HISTOIRE DU CHATEAU

Surplombant le Lac de Sainte Croix, le Château d’Aiguines jouit d’un panorama privilégié. Héritage du règne d’Henri IV, il représente aujourd’hui un fond patrimonial exceptionnel d’où l’inscription au titre de Monuments Historiques des façades, toitures et des communs, ainsi que l’ensemble du jardin autant qu’à l’intérieur la rampe en fer forgé et la salle à manger ornée de gypseries.


Retrospective au coeur des origines …

Le château quadrangulaire avec douves sèches et remparts, ses hauts murs sans fenêtre marquent son existence depuis le Moyen Age.

Balthazar de Gautier, seigneur des lieux à partir de 1596 décide de restaurer, en 1606, sur un mamelon, près de l’église du village, le château flanqué de quatre tours coiffées de tuiles polychromes vernissées formant mosaïque porte sans conteste l’empreinte élégante de l’époque de Louis XIII. Les nouveaux bâtiments sont érigés sous les vestiges d’un édifice plus ancien ayant appartenu aux Sabran. Balthazar de Gautier, baron de Senez, seigneur d’Aiguines, de Vacheresse, de Canjuers, de Clumans fut chevalier du Roi et rendit hommage à Henri IV pour la terre d’Aiguines en 1596. La famille Gautier est l’une des familles les plus anciennes de ce nom en Provence. Durant cette période, furent construites des fenêtres, les tuiles et toitures rajeunies. A la fin du XVII ème siècle, période de paix et prospérité, les Gauthier firent combler les douves et pratiquèrent des ouvertures dans les grands murs.

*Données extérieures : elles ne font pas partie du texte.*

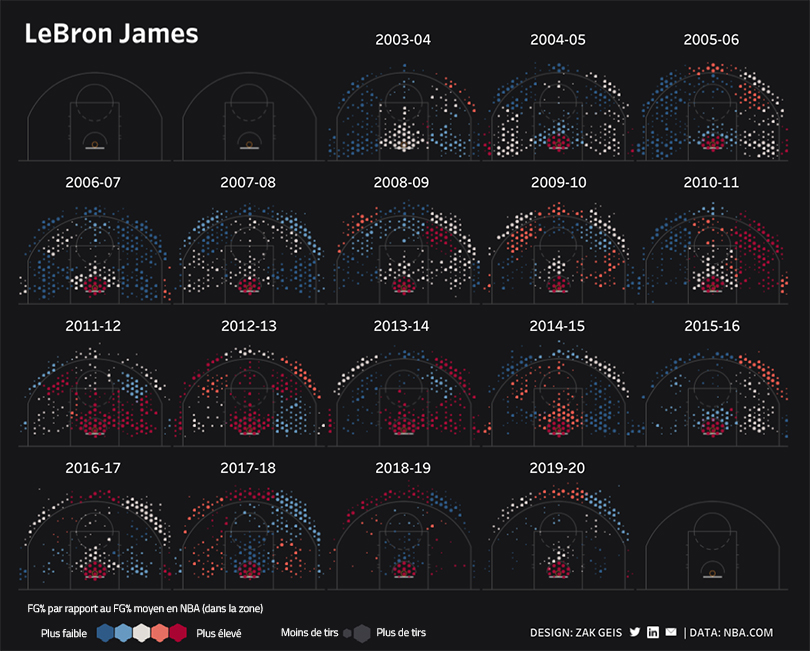 On peut également y voir l’évolution de la NBA, qu’il a donc su accompagner. À son arrivée en 2003, la “révolution du 3-points” n’a pas encore débuté et le jeune “King” est surtout dominant près du cercle. Petit à petit, on le voit améliorer son efficacité sur “l’elbow”, et notamment du côté gauche du panier, sa zone préférée.

En 1720, d’importantes modifications sont entreprises : le château fut agrandi par l’adjonction de communs et les abords furent remaniés pour former une vaste esplanade d’1 hectare 5 en équerre traversée par une allée menant à la grille d’entrée ouest à celle du Nord.

A cette époque sont également crées les jardins en terrasse au style italien qui auraient été achevés en 1743 si l’on en juge l’inscription de la date gravée sur une pierre.

Quant à la fontaine ; Une inscription latine sur cette dernière marque l’achèvement en 1770 :

 « Aqua ista saluberrima inuenta et ducta : hic fons immissarium in hort construct anno 1770 ».

C’est l’eau la plus saine trouvée découverte et établie: c’est la source RÉSERVOIR D’EAU dans le jardin construit en 1770.

Potable, l’eau fut captée et amenée au château par le seigneur d’alors, parallèlement, il fit capter une source importante qui conduisit à la fontaine sur la Place de l’Horloge et fit don des deux tiers de son débit à la population du village. La mesure existe encore aujourd’hui.

Le jardin fut aménagé par un arrière petit fils, Joseph de Gautier. Formé de trois terrages, de 4 fontaines, le jardin est unique en son genre. Imaginez-le comme à l’époque de son aménagement avec un parterre de buis, un fruitier fait de variétés anciennes, l’orangerie renfermant des agrumes dans des vases d’Anduze …Deux pavillons en poivrière ornent la dernière terrasse.

Le monumental portail en plein cintre surmonté d’un fronton frisé est décoré de feuillages stylisés et de chutes de fruits date de la fin XVIème siècle.

Nous pénétrons dans l’enceinte du château, le plafond porte l’empreinte du style du XVIIIème siècle. A l’intérieur, les tapisseries et gypseries dorées remontent au XVIIIème siècle et font l’objet d’un classement tout comme la rampe intérieure en fer forgé d’un seul tenant sur quatre étages.

Quant aux toits en poivrière, leur origine reviendrait à des Compagnons du Tour de France arrivant de Bourgogne. Pour mener à bien cette construction, il a fallut plus de 18000 tuiles en argile cuite de Salernes, fabriquées à la main et ornées de motifs polychrome. Les couleurs renvoient aux quatre saisons. Les constructions des tours datent déjà de l’époque du Moyen Age.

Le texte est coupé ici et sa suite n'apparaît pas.